And, as always, these can be used as the results of a function call instead:

// makeObj :: [k,v]] -> {k: v}
const makeObj = reduce((obj, pair) => assoc(pair[0], pair[1], obj), {});
makeObj([['x', 10], ['y', 20]]); //=> {"x": 10, "y": 20}
makeObj([['a', true], ['b', true], ['c', false]]);
//=> {a: true, b: true, c: false}

Records

Although this is probably not all that relevant to Ramda itself, it's sometimes useful to be able to distinguish Javascript objects used as records, as opposed to those used as dictionaries. Dictionaries are simpler, and the {k: v} description above can be made more specific as needed, with {k: Number} or {k: Rectangle}, or even if we need it, with {String: Number} and so forth. Records we can handle similarly if we choose:

// display :: {name: String, age: Number} -> (String -> Number -> String) -> String
const display = curry((person, formatter) => 
                      formatter(person.name, person.age));
const formatter = (name, age) => name + ', who is ' + age + ' years old.';
display({name: 'Fred', age: 25, occupation: 'crane operator'}, formatter);
//=>  "Fred, who is 25 years old."

Record notation looks much like Object literals, with the values for fields replaced by their types. We only account for the field names that are somehow relevant to us. (In the example above, even though our data had an 'occupation' field, it's not in our signature, as it cannot be used directly.

Complex Example: over

So at this point, we should have enough information to understand the signature of the over function:

Lens s a -> (a -> a) -> s -> s
Lens s a = Functor f => (a -> f a) -> s -> f s

We start with the type alias, Lens s a = Functor f ⇒ (a → f a) → s → f s. This tells us that the type Lens is parameterized by two generic variables, s, and a. We know that there is a constraint on the type of the f variable used in a Lens: it must be a Functor. With that in mind, we see that a Lens is a curried function of two parameters, the first being a function from a value of the generic type a to one of the parameterized type f a, and the second being a value of generic type s. The result is a value of the parameterized type f s. But what does it do? We don't know. We can't know. Our type signatures tell us a great deal about a function, but they don't answer questions about what a function actually does. We can assume that somewhere the map method of f a must be called, since that is the only function defined by the type Functor, but we don't know how or why that map is called. Still, we know that a Lens is a function as described, and we can use that to guide our understanding of over.

The function over is described as a curried function of three parameters, a Lens a s as just analyzed, a function from the generic type a to that same type, and a value of the generic type s. The whole thing returns a value of type s.

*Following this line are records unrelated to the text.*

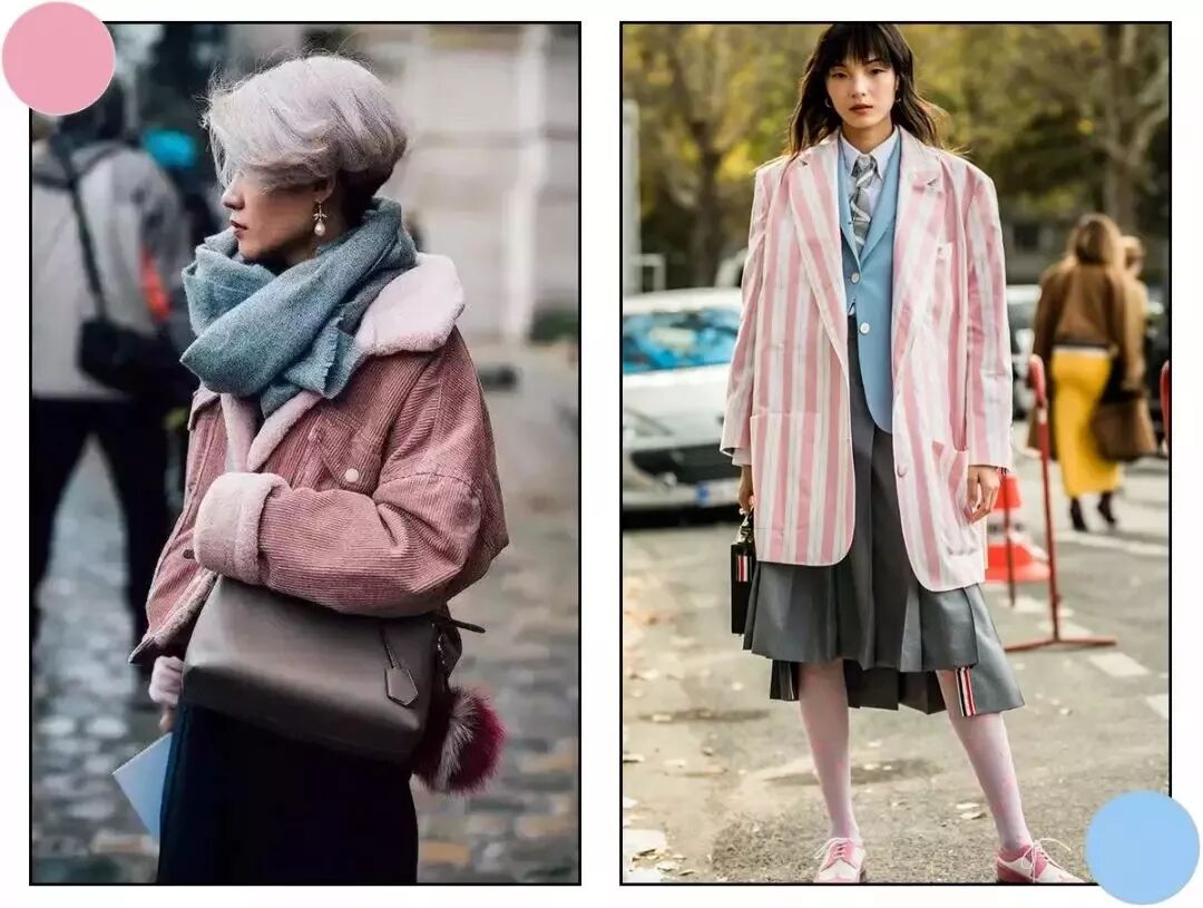 今年很流行霧霾藍,巧合的是與乾枯玫瑰粉是一個夢幻組合。乾枯玫瑰粉的浪漫溫柔中和了霧霾藍的冷清,作為配飾和內搭都可以,不建議外搭霧霾藍,因為它搶乾枯粉風頭啦!
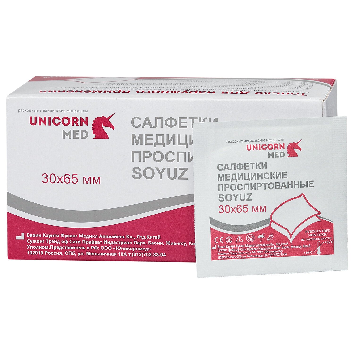 Спиртовые салфетки антисептические 30x65мм КОМПЛЕКТ 100шт., SOYUZ, короб, СП11-11
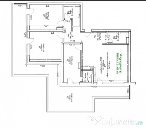 Apartamentul are o suprafață utilă de 109,7 mp și beneficiază de o terasă generoasă de 56,70 mp, , ideală pentru relaxare în aer liber și priveliști panoramice la apus.
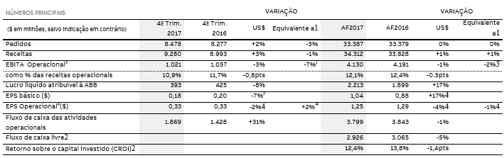 ABB executou sua estratégia Next Level ao longo de 2017. A empresa lançou o ABB AbilityTM, sua plataforma de soluções digitas, e continuou investindo em digital, vendas, na imagem da marca, e pesquisa e desenvolvimento. Apresentou forte economia em White Collar Productivity e na excelência operacional/cadeia de abastecimento, e concluiu ou anunciou uma série de transações importantes. Continuou a eliminar o risco de seu portfólio, alienando as empresas fora do âmbito de sua atividade central, e tomando medidas para implementar sua mudança no modelo de negócio EPC (Engenharia, Suprimentos e Construção). Essas atividades impactaram os resultados do ano todo. O EBITA operacional da empresa diminuiu 2% (1% em dólares americanos) para $ 4,130 bilhões, incluídos aproximadamente $ 140 milhões de encargos relacionados com as empresas EPC. A margem EBITA operacional foi de 12,1%, 30 pontos base inferior devido a encargos relacionados com as empresas EPC e teria ficado estável sem estes encargos.
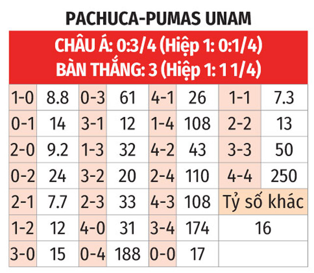 - Pumas ghi ít nhất 1 bàn trong hiệp 1: Ở 4/6 trận gần nhất, Pumas đều xuyên thủng lưới đối phương ít nhất 1 lần trong 45 phút đầu tiên. Ngoài ra, Pachuca cũng để thủng lưới ở hiệp 1 trong 3/4 trận vừa qua.
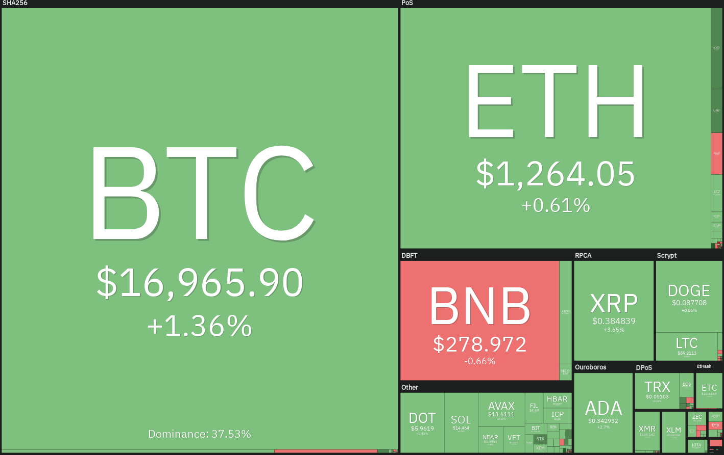 Laju naik kemungkinan akan berlanjut apabila pergerakan harga Bitcoin berhasil titik tersebut. 20-Day exponential moving average (EMA) di level $18.301 menjadi target naik selanjutnya.
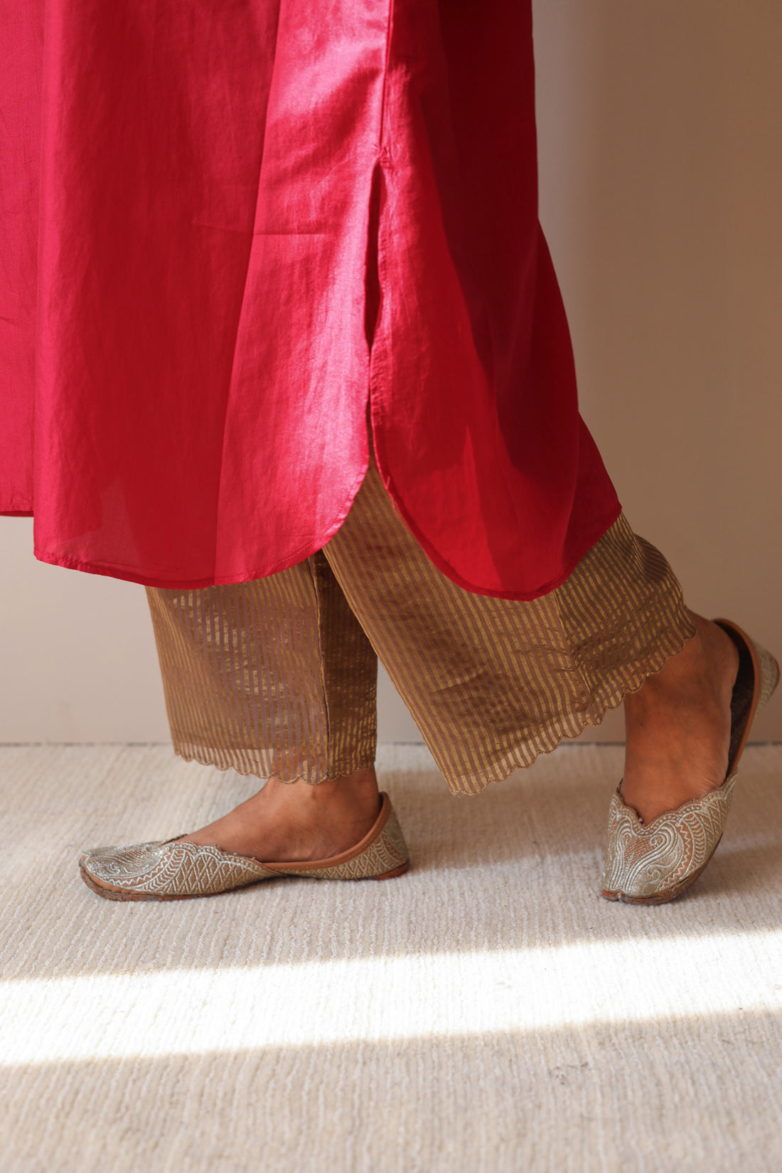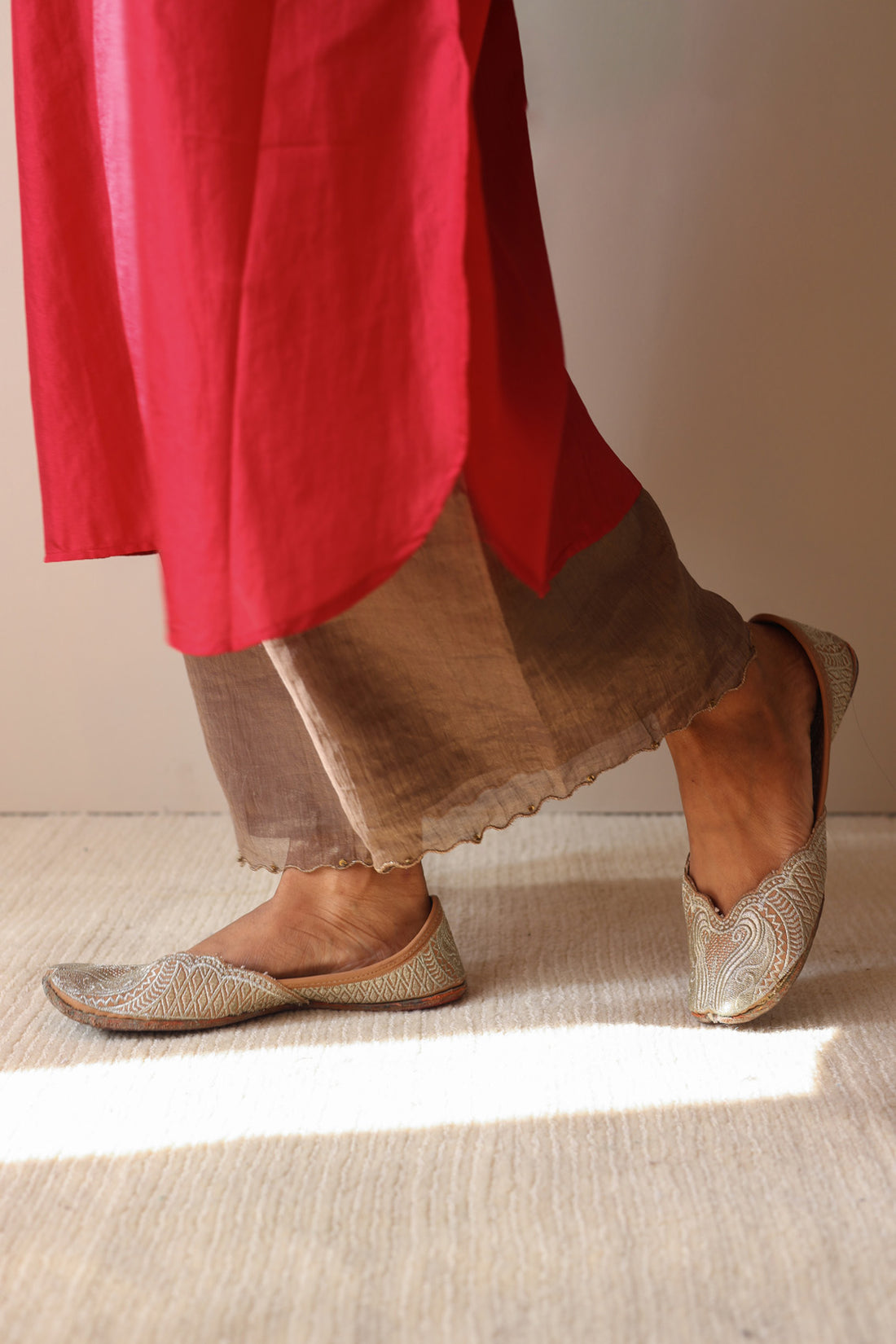 The scarlet silk farshi with delicate pitta embroidery at the bottom is a must-have in your...

We could dig a bit deeper and perhaps make some further deductions about what over must do with the types it receives. There is significant research on the so-called free theorems demonstrating invariants derivable just from type signatures. But this document is already far too long. If you're interested, please see the further reading.

But Why?

So now we know how to read and write these signatures. Why would we want to, and why are functional programmers so enamored of them?

There are several good reasons. First of all, once we become used to them, we can gain a lot of insight about a function from a single line of metadata, without the distraction of names. Names sound like a good idea until you realize the names chosen by someone else are not the name you would choose. Above we discussed the functions called "maximum" and "makeObj". Is it helpful or confusing to know that in Ramda, the equivalent functions are called "max" and "fromPairs"? It's significantly worse with parameter names. And of course there are often language barriers to consider as well. Even if English has become the lingua franca of the Web, there are people who will not understand our beautifully written, elegant prose about these functions. But none of this matters with the signatures; they express concisely everything important about a function except for what it actually does.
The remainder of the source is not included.